Words from Dic(tionary)

by J. R. Practix

dictionary with letter AAcrobat: (n.) an entertainer who performs gymnastic feats.

I had a flash-back.

When I was in high school, so many bronze ages ago, it was mandatory to take two years of physical education. I put them off until my junior and senior years. (I don’t know if I was hoping for a lazy state legislature to repeal the law, or perhaps that the gymnasium would collapse from the onslaught of a Midwest tornado, but I delayed.)

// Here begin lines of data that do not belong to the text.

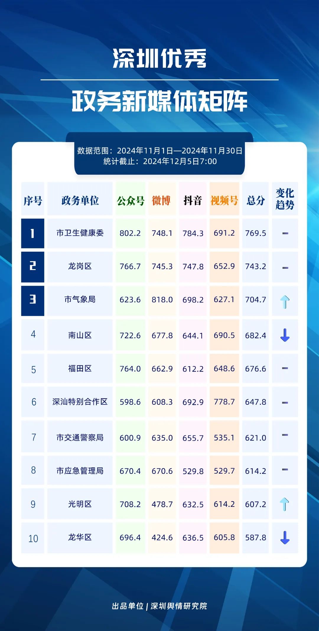 11月,市衛(wèi)生健康委、龍崗區(qū)、市氣象局、南山區(qū)、福田區(qū)、深汕特別合作區(qū)、市交通警察局、市應(yīng)急管理局、光明區(qū)、龍華區(qū)榮登“深圳優(yōu)秀政務(wù)新媒體矩陣”榜單。11月,市衛(wèi)生健康委新媒體矩陣持續(xù)深耕衛(wèi)生健康領(lǐng)域,穩(wěn)固占據(jù)榜單首位。龍崗區(qū)新媒體矩陣則在多平臺(tái)發(fā)布《宛宛傾城》這一劇情類視頻,展現(xiàn)了其在內(nèi)容創(chuàng)新上的積極探索。市氣象局新媒體矩陣則以多樣化的天氣播報(bào)形式,贏得了廣泛好評(píng),位列榜單第三名。同時(shí),南山區(qū)、福田區(qū)、深汕特別合作區(qū)等新媒體矩陣在各平臺(tái)展現(xiàn)出不凡實(shí)力,憑借各自優(yōu)勢(shì)與精彩的內(nèi)容,在《深圳優(yōu)秀政務(wù)新媒體矩陣》榜單中取得靠前名次。
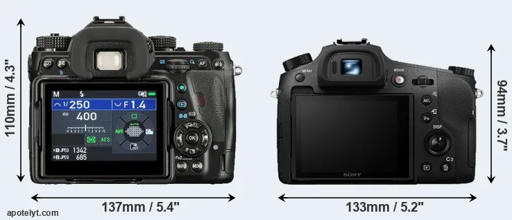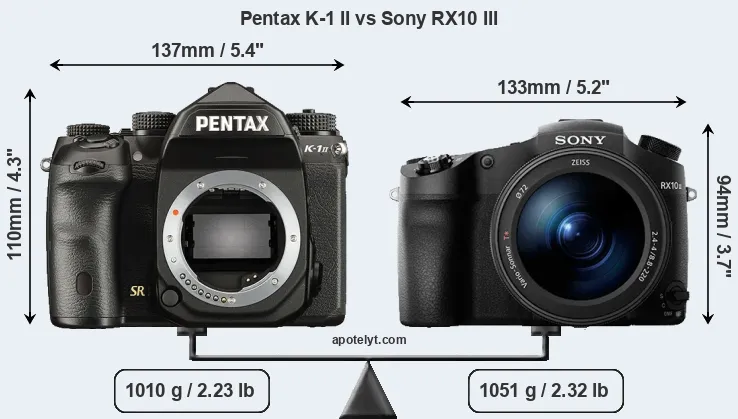 The side-by-side display below illustrates the physical size and weight of the Pentax K-1 II and the Sony RX10 III. The two cameras are presented according to their relative size. Three consecutive perspectives from the front, the top, and the back are available. All width, height and depth measures are rounded to the nearest millimeter.
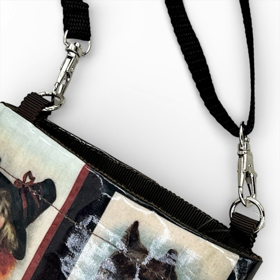 アンティークなポストカードに描かれた愛らしい猫をモチーフにした、ミニショルダーバッグ。
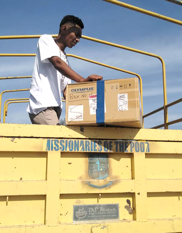 After port clearance it was opened and unloaded on the 7 February. Our consignment in the container for MOP was 16 cartons, which contained school supplies, medicines and toiletries, and religious items. Brothers Elmer and Giovanni made the trip down in the MOP truck from Maliana to Dili early that morning. Accompanying them were several aspirants who have recently joined MOP from neighboring villages. Br Nerlito, who is the new vocations officer for MOP Timor Leste, now has around 20 young men who have recently joined MOP.

I was a big, fat boy. I liked to play sports until it became obvious that it was exercise. Does that make sense? In other words, if you wanted to go out and throw the football around or shoot some hoops, I was there. But if you were gonna line up and purposefully use your muscles in a way that produced exertion and perspiration with no immediate pay-off of sinking a basket or tackling a friend, well … I was rather non-enthusiatic.

ESPECIALLY during the six-week period of physical education when we did gymnastics.

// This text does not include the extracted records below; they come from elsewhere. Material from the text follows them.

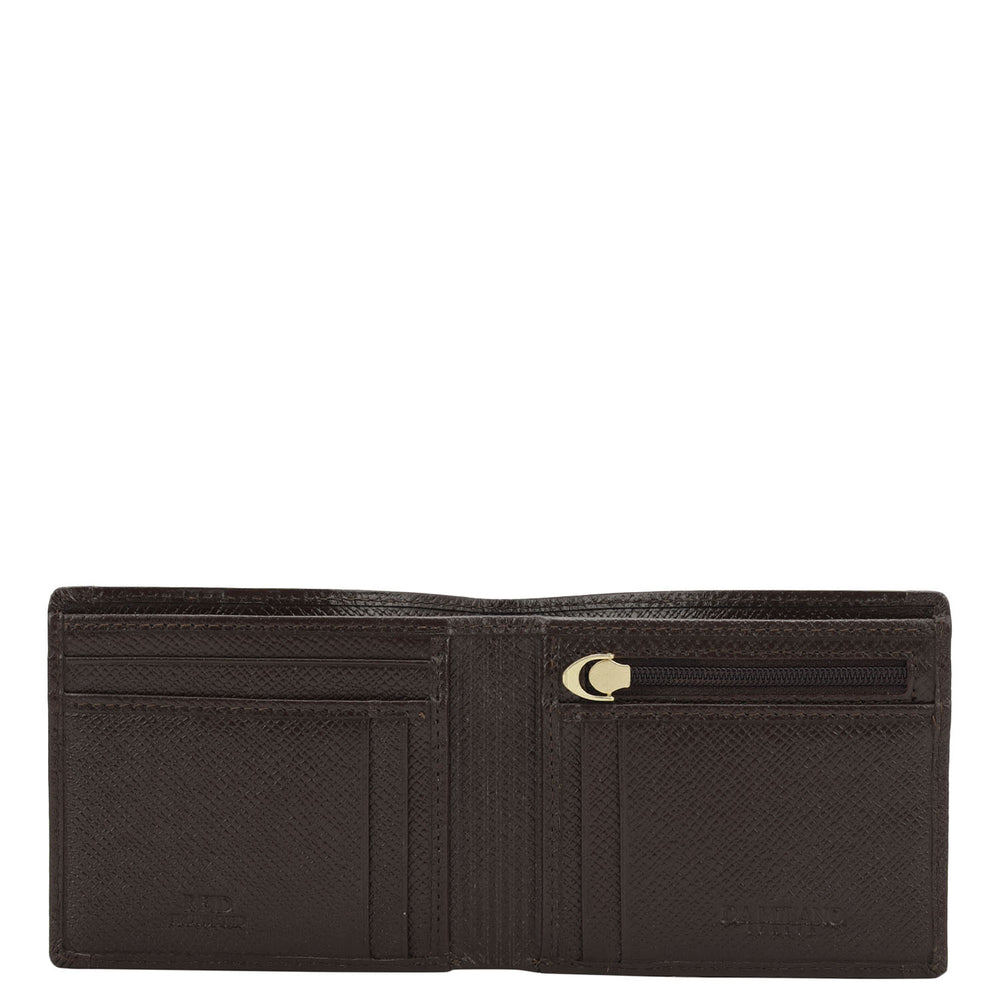 Crafted from textured leather, Da Milano men's bifold wallet offers a compact yet stylish design. Featuring easy-to-organize compartments, card slots, and pockets, it combines practicality with elegance. Subtle branding on the front enhances its refined appearance.
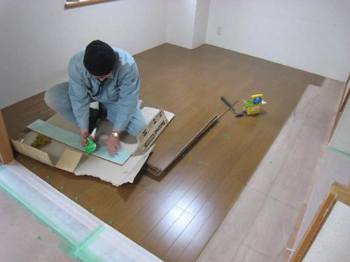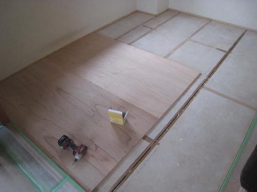 高さ調整には、合板を使用し、隣りの部屋との床高さを揃えました。
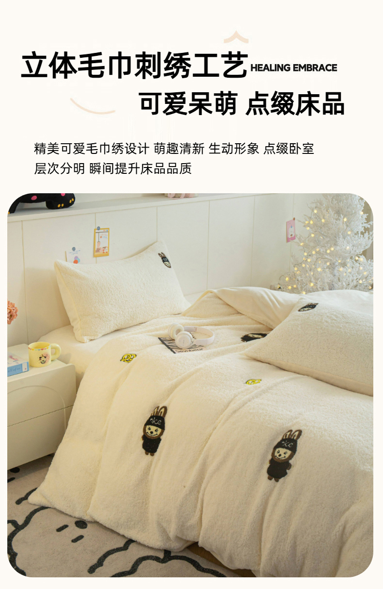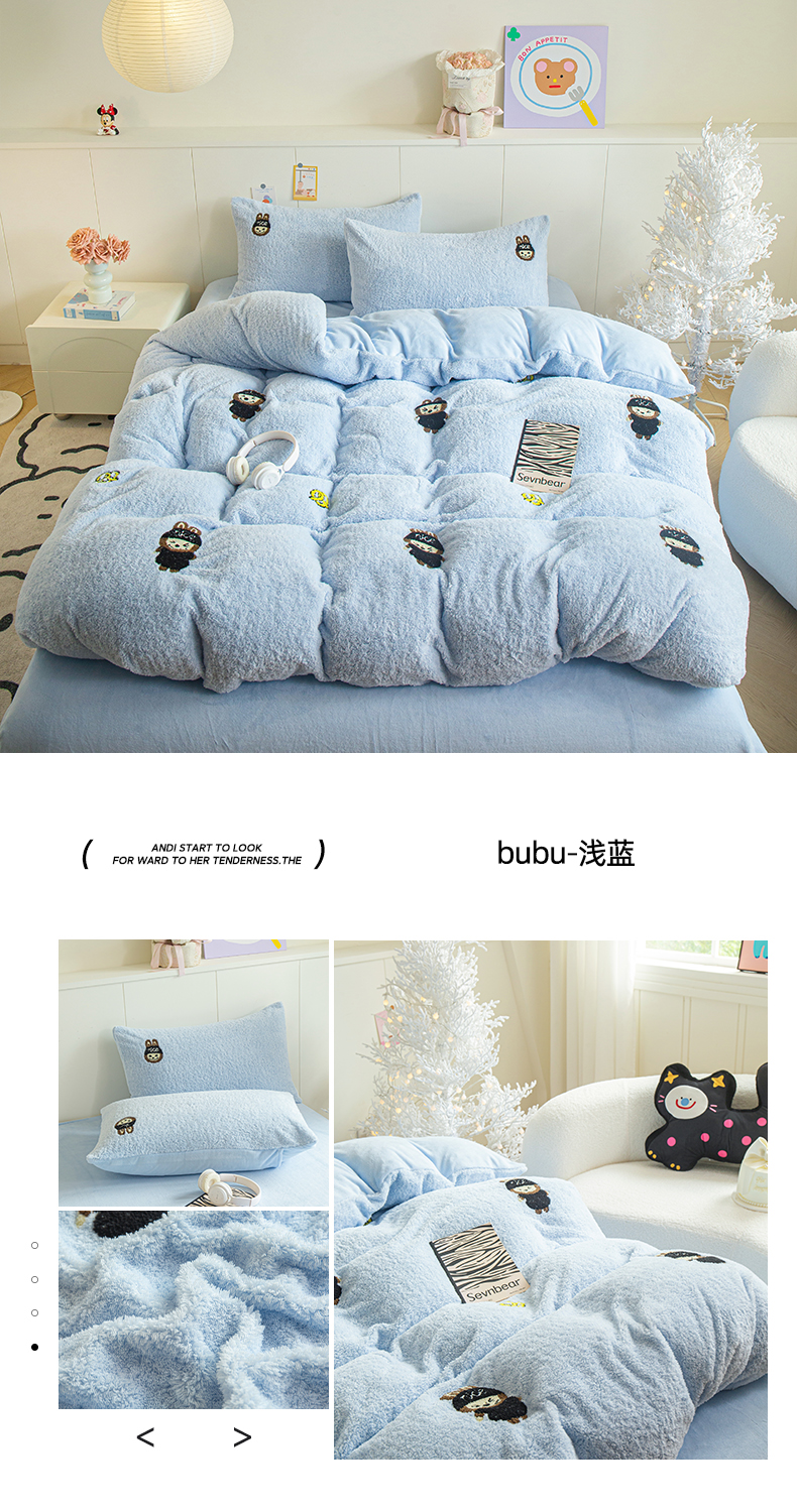 (总)庭笙 2025新款高克重泰迪绒毛巾刺绣牛奶绒四件套,bubu-米白,爱心-粉,爱心-紫,bubu-浅蓝,bubu-奶咖

I was no acrobat. I was the kind of person that if I slipped and fell down a hill, it actually appeared that there was a person falling uncontrollably down the hill, as opposed to gracefully tumbling and landing on my feet. Any motion that I took towards the ground ended up in a splat instead of a forward roll.

I hated it.

I tried to get out of it by insisting that my parents were too poor to afford my gym clothes. I even tricked my mom into giving me a note to give to the instructor, telling him that I was physically unable to perform the feats.

It was unsuccessful. Amazingly, these small-town educators saw through my ploys.

The most embarrassing part of it was the fact that there was no privacy. When it was time to tumble, we formed a line which ran in a perpetual circle, so that each person could come and tumble on the mat, regain his feet, and get back into line to do it again, until everybody had done at least FOUR of them.

Some guys were just great. They looked like human Slinkeys. I, on the other hand, looked like play-dough hitting the sidewalk on a very hot day. Rather than rolling, I kind of just spread out all over the mat.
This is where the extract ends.